Mise à jour le 02/05/2019
Imaginé par Napoléon III, le parc des Buttes-Chaumont est un chef-d’œuvre d’art paysager inauguré le 1er avril 1867, à l’occasion de l’exposition universelle de Paris.
Des falaises d’Étretat aux prairies alpines, des bosquets méditerranéens au kiosque d’inspiration romaine qui surplombe l’île du Belvédère et ses deux passerelles… Vous voici embarqué dans la plus dépaysante des balades parisiennes, au cœur du plus grand parc intra-muros de la capitale.
Avec ses 25 hectares, le parc des Buttes-Chaumont est une ode à la France et à ses paysages, reconstitués de toutes pièces au XIXe siècle. « Nous sommes ici dans la représentation de la splendeur napoléonienne », explique Claude Rouanet, agente supérieure d’exploitation à la Ville de Paris et cheffe de l’atelier de jardinage des Buttes-Chaumont.
Un parc géré durablement

Écolabellisé, le parc des Buttes-Chaumont a proscrit l’usage des produits phytosanitaires en 1999 et mis en place la gestion différenciée de sa biodiversité.

Afin de protéger les sols et de les rendre plus fertiles, les jardiniers ont planté quelque 100.000 lierres dans les sous-bois et ne ramassent plus les feuilles mortes et autres déchets végétaux, permettant la constitution d’une litière naturelle.
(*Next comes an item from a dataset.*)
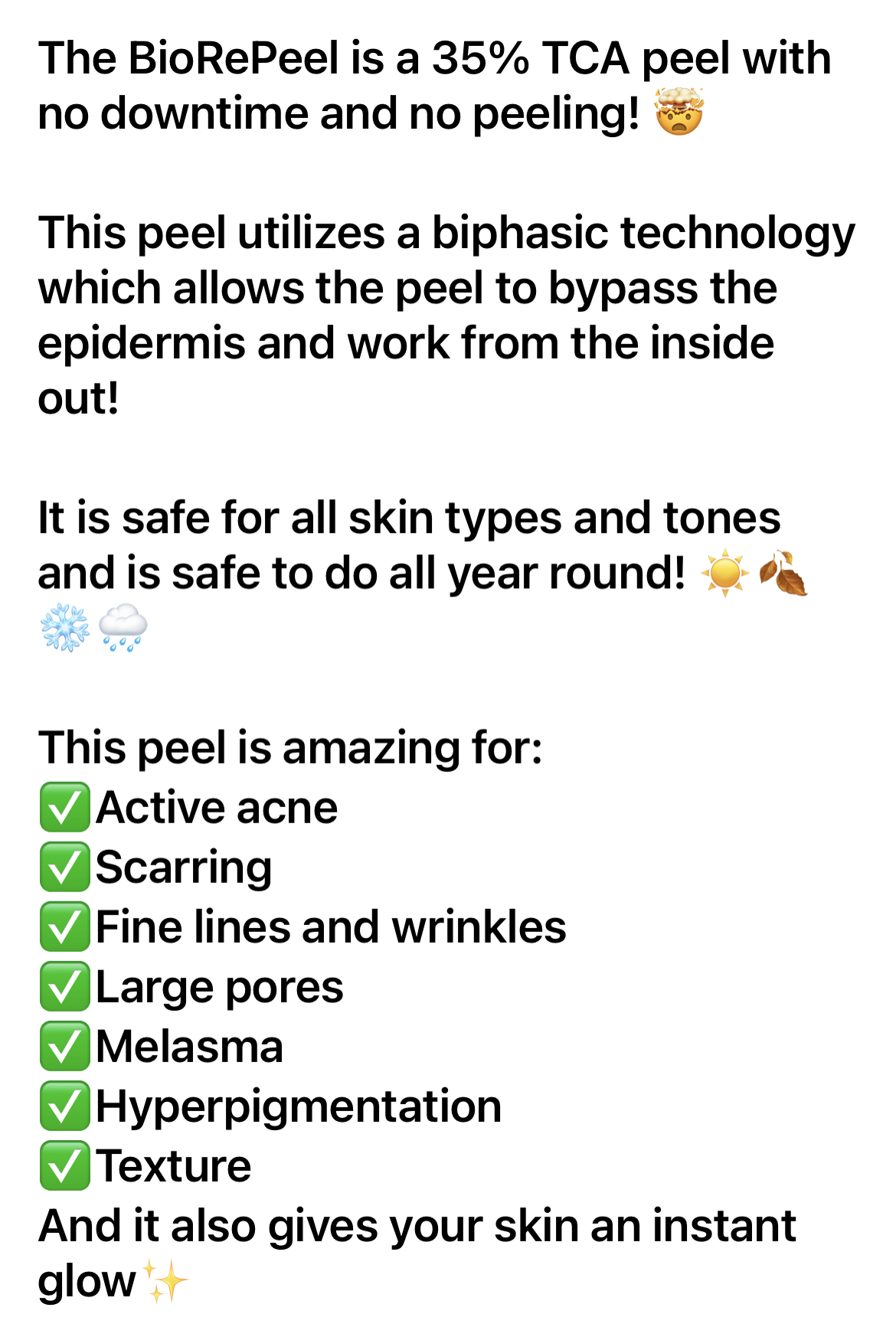 The most advanced “no downtime” peel on the market. With a delivery system that drives this peel to the deepest layers of the skin, this peel works to revamp the skin from the inside out. Best results are achieved in a series of 4 administered two weeks apart.

Par ailleurs, la rénovation du réseau hydraulique du parc, alimenté par le canal de l’Ourcq et qui fonctionne en circuit fermé, permet l’économie de plus d’un million de mètres cubes par an.

Amener la France aux Parisiens

C’est en effet Napoléon III qui ordonne la construction de ce « jardin à l’anglaise », à la scénographie irrégulière, dans le cadre d’une politique d’urbanisation entreprise avec le baron Haussmann. L’idée : créer le premier jardin public pour « amener la France et l’Empire aux Parisiens sans se déplacer », détaille Claude Rouanet.
Il faudra trois petites années à l’ingénieur Jean-Charles Adolphe Alphand pour faire sortir de terre cet incroyable parc paysager. Un exploit technique, alors que toute la zone était rendue inconstructible par l’exploitation d’une carrière de gypse, désormais condamnée par une cascade de 32 mètres.

Priorité aux panoramas

Aujourd’hui, le parc est presque devenu un lieu de villégiature pour les Parisiens en quête d’évasion bucolique. Face à la mairie du 19e, une des six entrées possibles donne directement sur un lac poissonneux et l’île du Belvédère, au sommet de laquelle culmine à plus de 30 mètres la reconstitution du temple romain de Sibylle.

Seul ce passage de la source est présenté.